Wells Fargo is increasing its number of paid holidays, bringing the figure from eight to 12, under a change announced internally this month for U.S. employees.
According to the bank, two of the four additional days are for “personal holidays” such as religious observances not currently part of Wells Fargo’s or the federal holiday schedule. Employees can also use the two days for other times with “personal significance” to them, such as birthdays, wedding anniversaries and national remembrances, according to the bank.
The other two additional paid holidays are fixed: Presidents Day and Columbus Day for employees who operate on a standard schedule; Presidents Day and Good Friday for employees on the New York Stock Exchange’s schedule. Those new holidays take effect next year.
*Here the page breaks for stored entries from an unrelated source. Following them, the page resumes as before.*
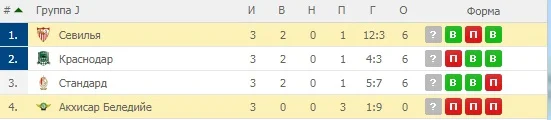 В группе J испанская Севилья не оставила никаких шансов Акхисару нашего Евгения Селезнева, отправив в ворота турецкой команды 6 "сухих" мячей.
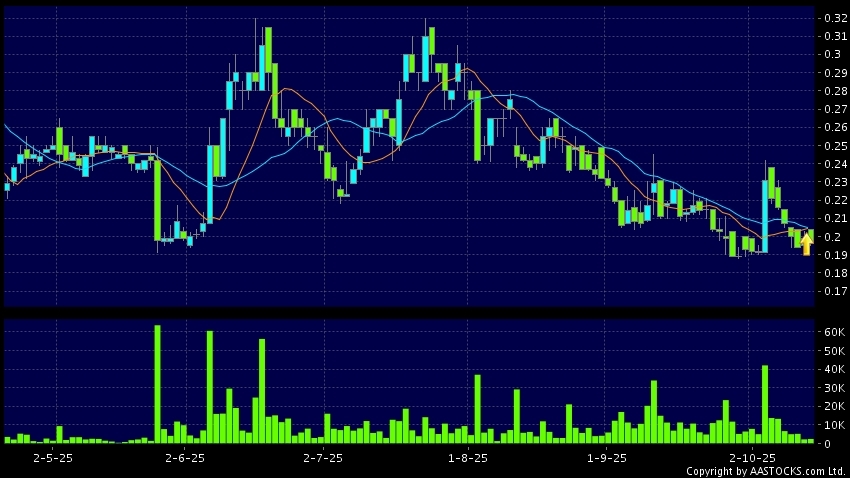 飛天雲動(06610.HK) -0.009 (-6.923%) 10天移動平均線升穿20天移動平均線,出現黃金交叉。現價報0.196,下跌1.508%,成交量2.48百萬股,成交額48.65萬。
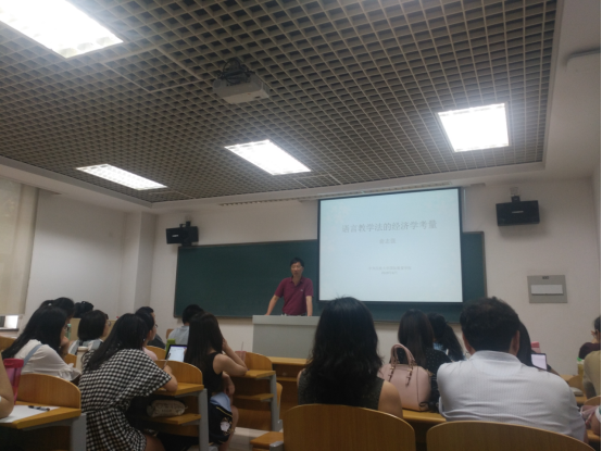 在此次的讲座上,他从经济学的角度向我们揭示了外语教学法效率问题研究的这个盲区,以经济学的视角来看提高教学法的效率问题。讲座上他提出了“效力”、“效率”、“效益”和“教学成本”等概念,让我们以一个新的视角去思考如何将教学法的效率变得最大化并且用最小的教学成本取得最大的教学效益。

Elli Dai, head of benefits for Wells, said it marks the first change the San Francisco-based bank has made to its holiday schedule since the combination with Charlotte’s Wachovia, which Wells acquired in 2008. Dai confirmed the holidays increase in an interview with the Observer.
Dai, who is based in Charlotte, said the decision followed an employee survey conducted this year that showed some workers wanted the ability to celebrate holidays not included in the old schedule.
According to the bank, the two personal holidays, announced by CEO Tim Sloan at a company town hall this month, went into effect Sept. 18 and can be used by the end of this year. Employees can use the time to observe, for example, Cesar Chavez Day, National Coming Out Day, Kwanzaa, Rosh Hashanah, Eid al-Fitr and Chinese New Year, the bank said, noting that employees are not limited to that list.
Dai, who is based in Charlotte, said Wells Fargo compares its holiday schedule every year with that of other financial services firms and Fortune 100 companies. Corporations are highly attuned to employee benefits offered by other companies in order to remain competitive, she said.
“As far as where this move brings us, competitively it makes us very strong,” she said. “We know that people have a choice of where they want to work.”
The increase in paid holidays comes as Wells Fargo continues working to rebuild its image in the wake of a massive scandal over fake accounts that broke last September. It also comes as Wells Fargo seeks to reduce costs as it remains under pressure to lower expenses after the scandal.
With the changes, a first-year Wells Fargo employee in Charlotte is eligible for 32 paid days off, according to the bank’s calculation. That includes 18 days of personal time off, which can be used for vacations or sick days, and two “community service” days.
Wells Fargo employs roughly 24,100 in the Charlotte region, compared with about 15,000 at Charlotte-based Bank of America.
Bank of America employees are eligible for up to 40 paid days off after one year. That is broken into 10 paid holidays; 10 sick days, which includes two personal days; and up to 20 days of vacation.
The move adds to other changes Wells Fargo has recently made to its employee benefits.
The company in April 2016 announced it would begin offering paid parental leave to its U.S. employees for the first time. That came a week after Bank of America announced an increase in its paid leave for parents.